= Bruno I (bishop of Verden) =

Son of Wichmann the Elder and Frederuna

Bruno (920 – 26 January 976), son of Wichmann the Elder and his wife Frederuna, niece of Queen Matilda, wife of Henry the Fowler, served as a Bishop of Verden.

Bruno was appointed to succeed Bishop Amelung, brother of Hermann Billung, in 962. Bruno is best known for his refusal to allow the burial in the church of Hermann due to his excommunication. Bruno received immunity for the diocese from Emperor Otto I.

According to Thietmar of Merseburg, Hermann's son Bernard, while transporting his father's body to Lüneburg, encountered Bruno and tearfully asked that his father be granted absolution and permitted burial at the church. Bruno refused.

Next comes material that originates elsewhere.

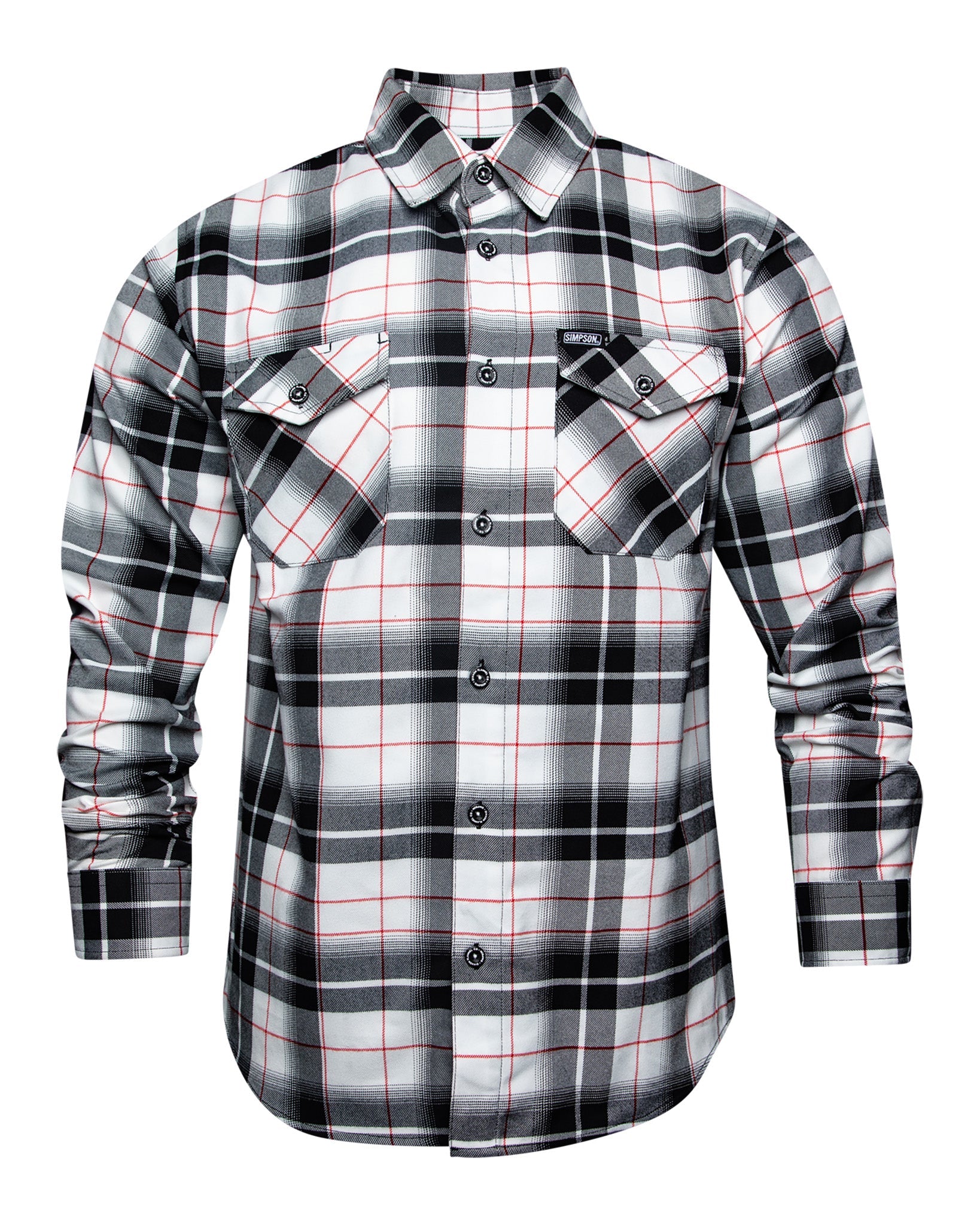 Built for the ones who never back down from the grind, the Simpson Flannel brings that bold, high-octane energy to your everyday lineup. Inspired by the legacy of performance and precision, this collab piece mixes clean white, black, and red plaid with all the durability you expect from Dixxon. Soft, breathable, and ready for anything, it’s your go-to layer whether you're in the shop, on the track, or just dialing up the attitude.
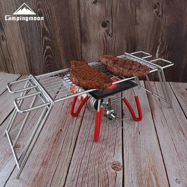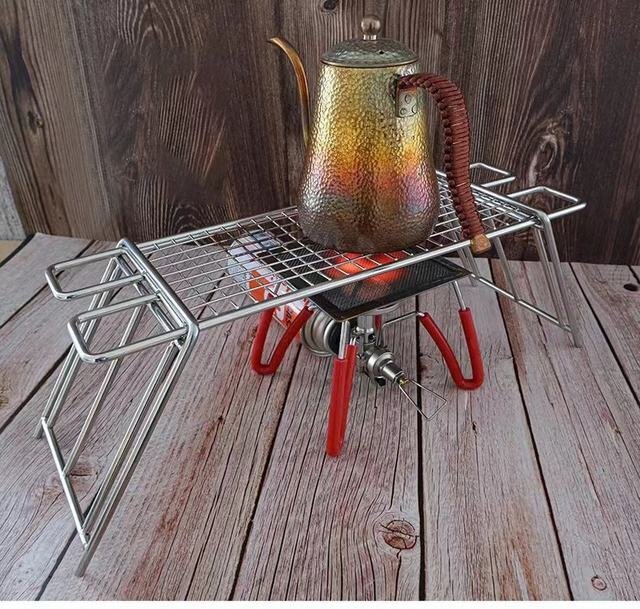 キャンプ焚火の時だけではなくちょっとしたピクニックや登山にもお使いいただけます。 こちらのセットは高さが設置時に14cmくらいの為シングルバーナー等での使用が最適かと思われます。また、クッカースタンドとして使用したりシングルバーを要して焼き肉やクッキングもできる万能スタンドです。

Bruno was held in high regard by the emperor, who had designated him successor to Amelung. Because stone was not available, Amelung had erected and consecrated a magnificent wooden church, surpassing all others in size and quality. Archaeological evidence confirms the description of this church.

As Bruno grew old, Emperor Otto II asked that his chaplain Herman, brother of Folkmar (Volkmar), Archbishop of Cologne, be designated as assistant and heir. Bruno respectfully declined, citing his age and mental condition.